Control structures

In comparison to many other languages, control structures in Tokay are part of expressions. They always return a value, which defaults to void when no other value is explicitly returned.

if...else

The if...else-construct implements conditional branching depending on the result of an expression.
The else part is optional, and can be omitted.

if sense == 42 && axis == 23.5 {
    print("Well, this is fine!")
}
else {
    print("That's quite bad.")
}

As stated before, all control structures are part of Tokays expression syntax. Above example can easily by turned into

print(
    if sense == 42 && axis == 23.5
        "Well, this is fine!"
    else
        "That's quite bad."
)

or directly used inside of an expression.

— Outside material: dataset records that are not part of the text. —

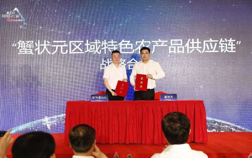 7月5日,蟹状元与新华社民族品牌工程杭州直播基地签署“蟹状元区域特色农产品供应链”战略合作。此次合作致力于打通农产品线上推广、营销、销售的全链条,充分发挥杭州直播基地传播、渠道、平台等方面的优势,通过“短视频直播”赋能电商平台,在当下为中国特色农产品讲好全新的故事。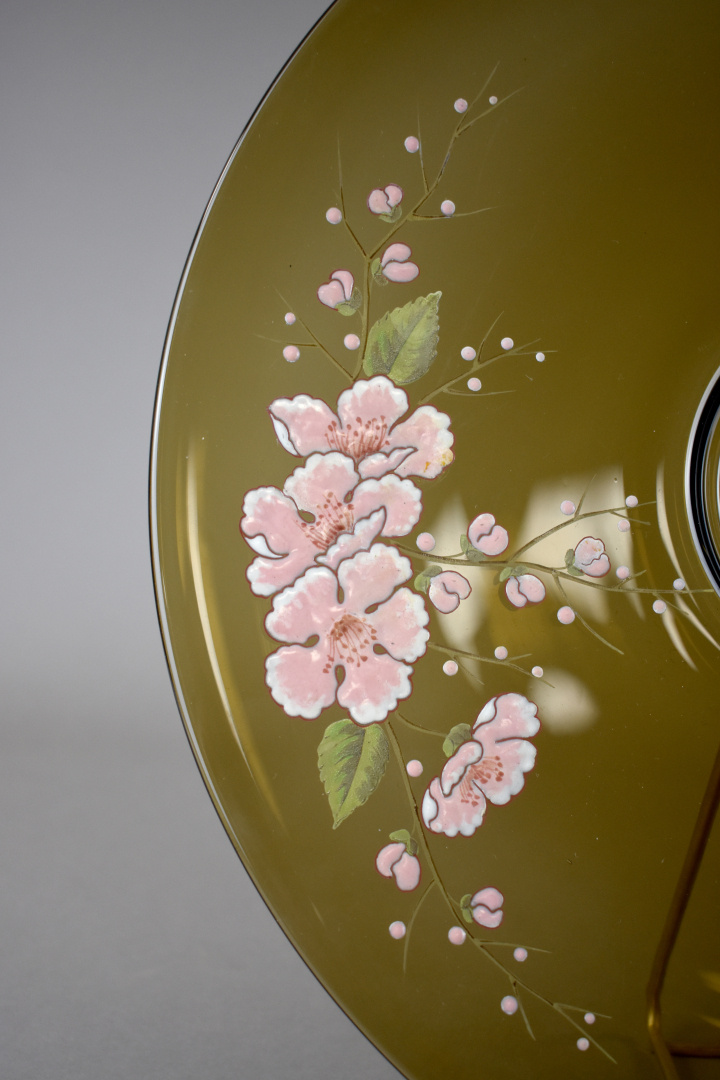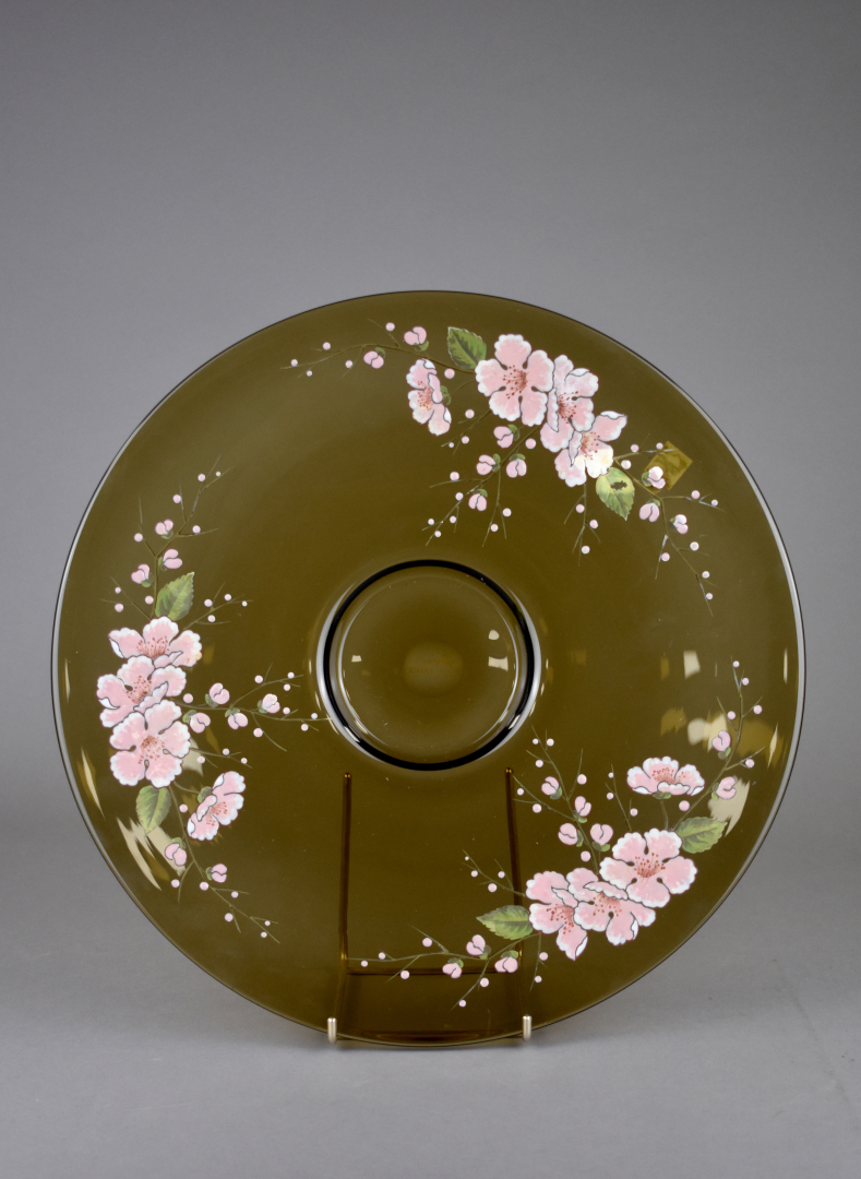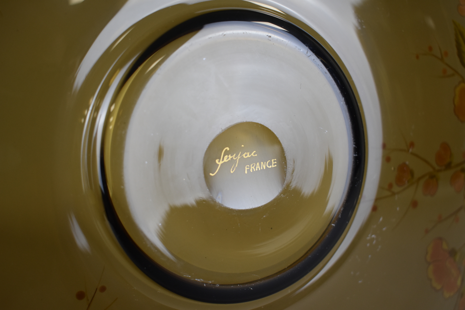SERJAC ? Coupe en verre fumé à décor émaillé (quelques usures à l’émail). Marquée au-dessous. Diam. : 37,5 cm.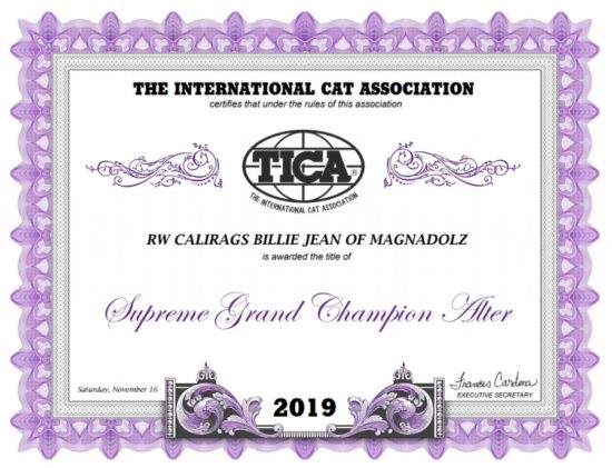 - Ms. Billie Jean is now a SGCA (Supreme Grand Champion Alter)!!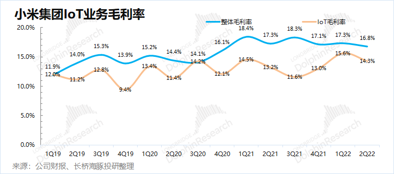 第二季度 IoT 业务的毛利率14.3%,同比上升1.1pct。IoT 毛利率从11.6%的低点开始,连续三季的同比上升,印证了海豚君在3月财报点评《中规中矩的小米:食之无味,弃之可惜》中的观点,“面板价格的下跌,从成本端推动业务毛利率的回升”。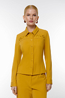 Укороченный жакет с отложным воротником и перламутровыми пуговицами будет отлично дополнять повседневный образ. Вышивка с перфорацией делает акцент и придает изюминку образу.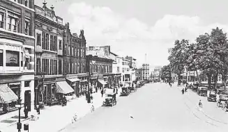 As of 1904, the building was residential; a groom's family celebrated his wedding breakfast at his Hoffman Building home.[18] That year, Sidney A. Baldwin, organist and musical director of the Morristown Church of the Redeemer, had her studio where she taught pianoforte in the Hoffman Building.[19] Circa October 1910, Morristown resident Arthur Day had his bike stolen from the hall of the Hoffman Building.[20] The Hoffman Building was still standing by 1923, when it housed Morristown Typewriter Service, a typewriter business by M. J. Conroy.[21]
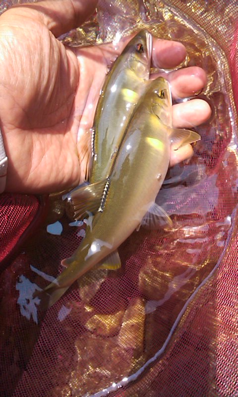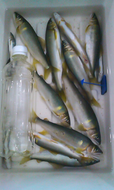 • さあ、今日からお盆休みです。まずはおとり調達で付知へ。付知もそろそろ平水になってきたようなので、最近竿が入っていないと思われるポイントに入ってみます。2時間、、、ノーヒットでした。川の真ん中を歩いてもアユがいるところがまったく分かりません。闇雲に竿を出しても掛かりそうにありません。別の川に向かいます。結構、人が入っています。まずは、一番下から。絶対にかかる場所で大きなアタリ。棚を2つ下られましたが、引き抜くと21cm超え。まるまる太っています。このポイントではこの1匹だけ。次にずっと歩いて上流に向かいます。堰堤下の段々瀬に入りますが、アタリがありません。最後の一番深いところ、1号のおもりにもうひとつ2号のおもりを付けて、20cmの養殖おとりをねじ込みます。目の前で目印がはじけ飛びます! 一気に段々瀬を2つ下られます。竿を立ててこらえようとしますが、全く歯が立たず、、、複合005を簡単に切って行きました。複合006に張り替えます。もう一度同じポイントに入れると、21cmが掛かりました。これは簡単にあがってきたので、先ほどのがどれだけ大きかったのか。。。さらにもうひとつ上の橋まで歩いて、強い流れを攻めると、ここでは3匹追加できました。いずれも20cmクラスです。さらにもうひとつ上の橋へ。上流に入っている人が往復して竿を入れた後のようですが、アユを残しておいてくれたようです。狙ったポイントで次々と鋭いアタリがあり、20cm級が飛んできます。20mほどのポイントで5匹稼ぎました。今日は10匹だけでしたが、型揃いでした。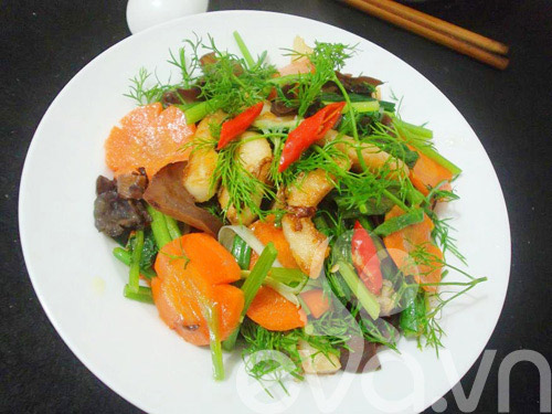 - Cá xào cần tỏi rất hợp cho bữa cơm ngày lạnh.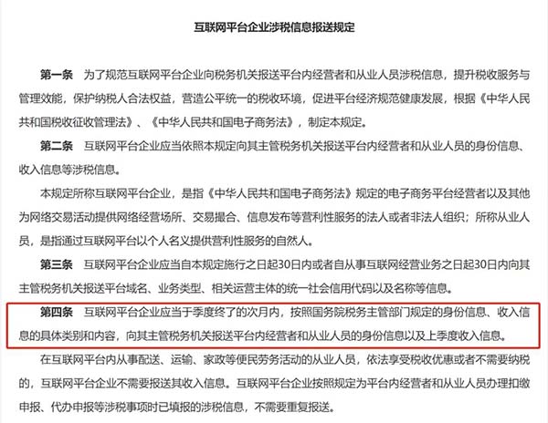 近日,《互聯(lián)網(wǎng)平臺企業(yè)涉稅信息報送規(guī)定》正式出臺實施,一石激起千層浪,社會各界對此廣泛關(guān)注。那么,這項新規(guī)究竟藏著哪些變化?又將對哪些群體產(chǎn)生深遠影響?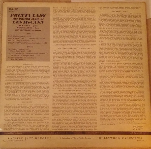 Les McCann Ltd. - Pretty Lady (LP, Album, Mono)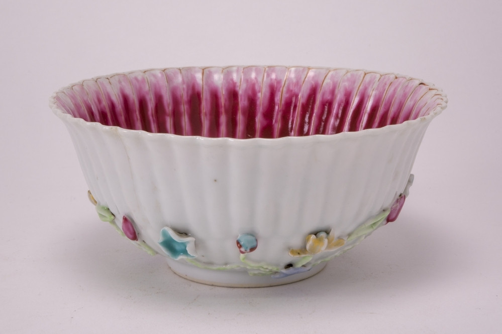 Famille rose kom met op plat een tak met een pioenroos. De bnnenwand rondom vele in relief aangebrachte bloemblaadjes met een verlopende ros-rode emaille. Aan de buitenzijde, langs de onderkant rondom diverse meerkleurige, in relief aangebrachte bloemen.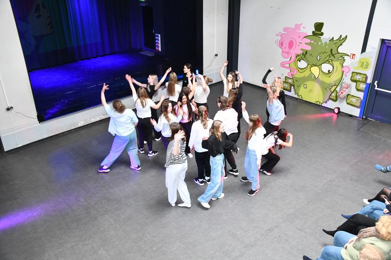 12.02.2026 „Raum geben – Raum nehmen“ lautete das Motto, unter dem das Projekt „Kulturelle Vielfalt – Vielfalt der Kulturen“ in diesem Jahr stattfand. Die Birger-Forell-Sekundarschule und das Berufskolleg Lübbecke haben das Projekt jetzt schon zum elften Mal gemeinsam durchgeführt. Ort der Projektwoche war dieses Mal das Jugendzentrum Isy7. Der dortige Zuschauerraum sowie die Galerie des Zentrums waren bis auf den letzten Platz gefüllt. Alle Gäste durften sich auf mitreißende und berührende Darbietungen während der Werkschau freuen.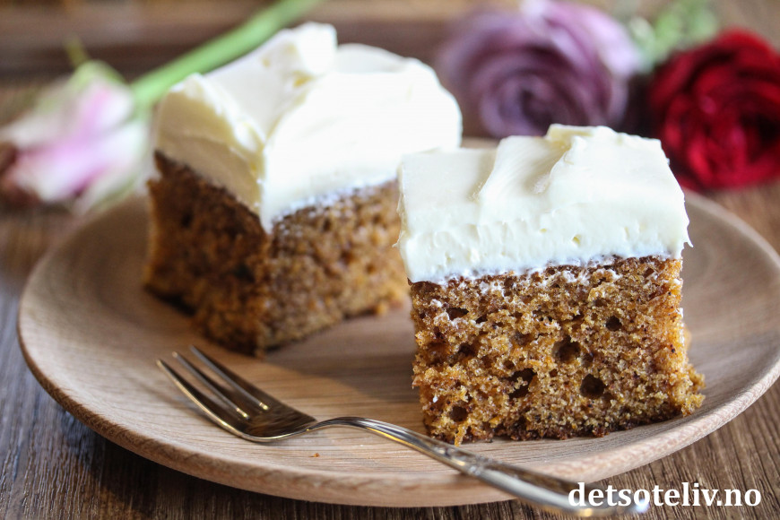 Se også oppskrift på helt klassisk Gulrotkake i langpanne, som er blant de mest populære oppskriftene her på Det søte liv!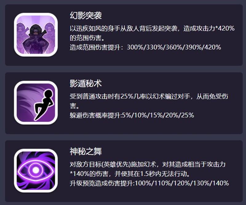 【幻影突袭】以迅疾如风的身手从敌人背后发起突袭,造成攻击力*420%的范围伤害。造成范围伤害提升:300%/330%/360%/390%/420%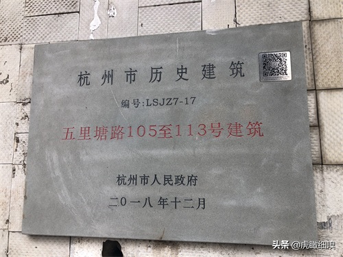 五里塘路105-113号建筑为砖混结构,看起来历史并不长。看起来并不显眼,不知有什么特别之处。但该建筑2018年被杭州市人民政府列为杭州市历史建筑。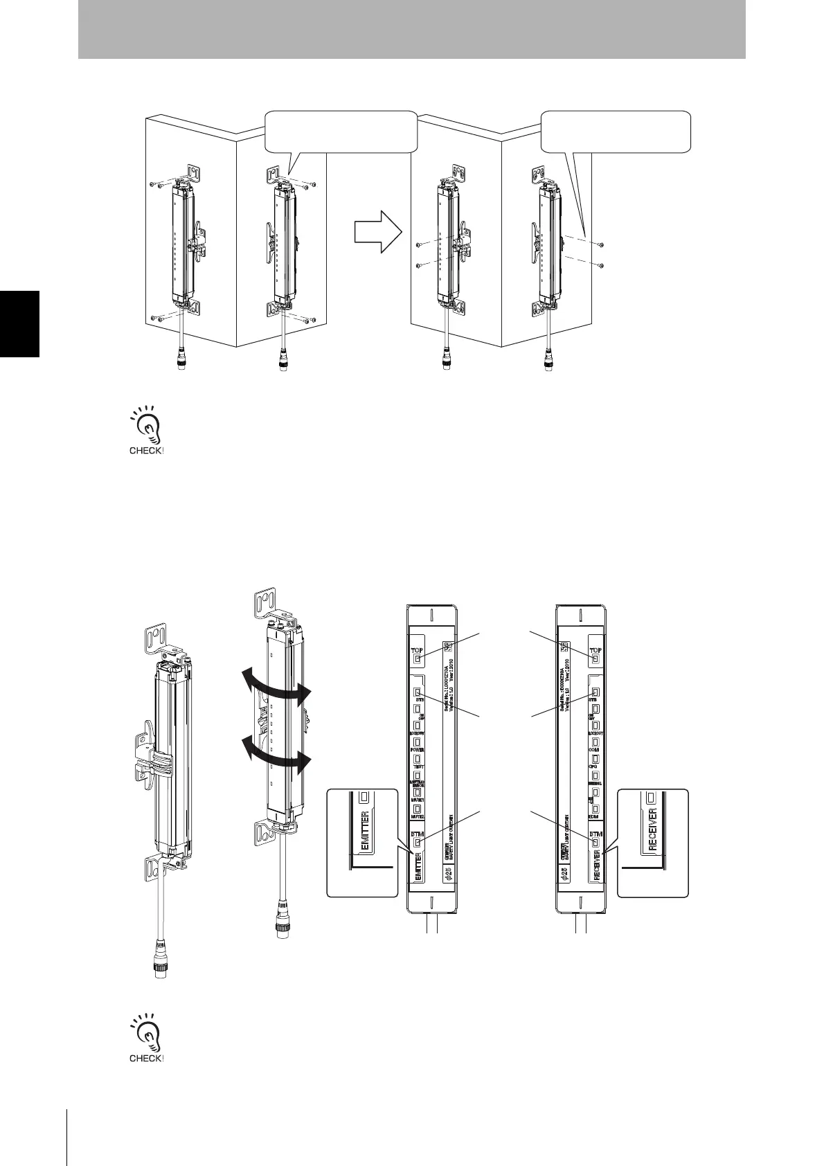 the emitter/receiver are parallel, and if the mounting height of the emitter/receiver is appropriate. Using optional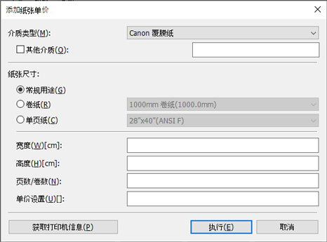对于介质类型中未显示的纸张,会出现“未知纸张[纸张 ID]”,请输入此纸张ID。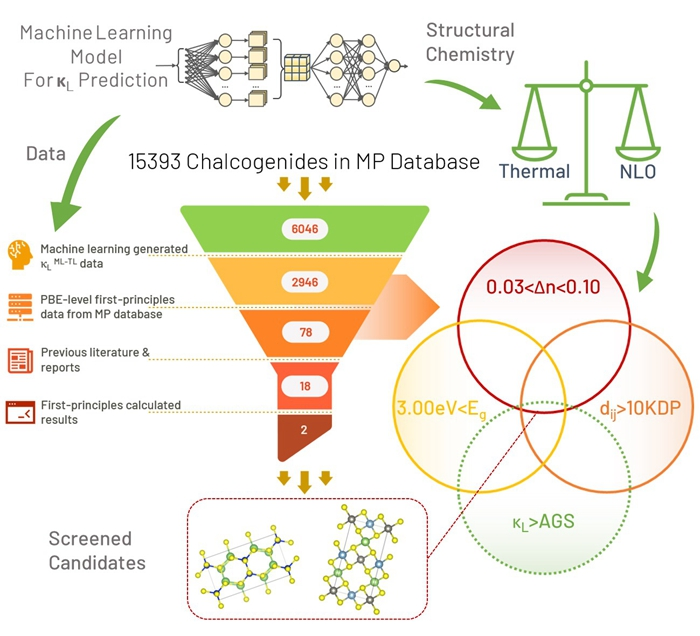 近日,中国科学院理化技术研究所林哲帅团队发展了一种基于机器学习的中红外非线性光学材料筛选新策略,并利用该方法在硫属化合物这一中红外非线性光学材料的常见候选体系中筛选了若干种潜在的具有平衡的热输运和光学性能的中红外非线性光学材料。他们结合低精度的热导率半经验方法计算数据和高精度的实验测量数据,利用迁移学习(Transfer Learning, TL)手段,建立了基于晶体图神经网络(Crystal Graph Convolutional Neural Network, CGCNN)算法的晶格热导率回归预测模型,在测试集上获得了与半经验计算方法相当的预测精度,大大减少了粗略评估晶格热输运性能所需的计算资源和时间。研究人员对Materials Project数据库中收录的6000余种非中心对称硫属化合物进行了晶格热导率预测,根据热导率预测值、带隙和总能等标准筛选出78种材料,其中39种已被报道为非线性光学材料。通过进一步对未经报道的材料进行第一性原理计算,2种兼具大倍频效应、高晶格热导率、宽带隙和适宜双折射率的潜在中红外非线性光学材料Li2SiS3和AlZnGaS4被筛选出来,且其第一性原理计算获得的高晶格热导率数值与机器学习预测值相接近,证实了预测工具的可靠性。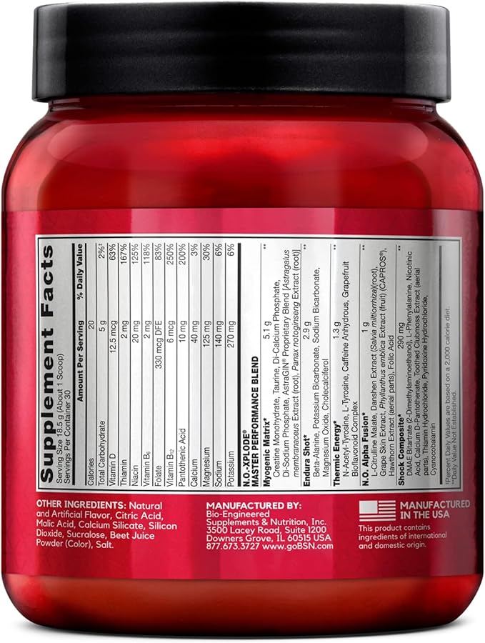 BSN N.O.-XPLODE Pre Workout Powder, Energy Supplement for Men and Women with Creatine and Beta-Alanine, Flavor: Watermelon, 30 Servings

# if can be part of an expression
Word "Hello " + if $1 == "World" "Earth" else $1

if...else constructs working on static expressions are optimized away during compile-time.

loop

The loop-keyword is used to create loops, either with an aborting conditions on top or without any condition.

# Countdown
count = 10
loop count >= 0 print(
    if --count == 3
        "Ignition"
    else if count < 0
        "Liftoff"
    else
        count
)

A loop can be aborted everytime using the break-statement.
The continue-statement restarts the loop at the beginning, but a present abort-condition will be re-checked again.

count = 10
loop {
    count = count - 1
    if count == 3 {
        print("Ignition")
        continue
    }

    print(count)
    if count == 0 {
        print("Liftoff")
        break
    }
}

A loop without any aborting condition loops forever.

loop print("Forever!")

for

The for-keyword introduces a special form of loop that syntacically glues the parts initialization, abort condition and iteration together into a separate syntactic element.

for count = 10; count >= 0; count-- {
    print(i)
}

This syntax is abandoned. The upcoming version 0.7 of Tokay will only support for...in.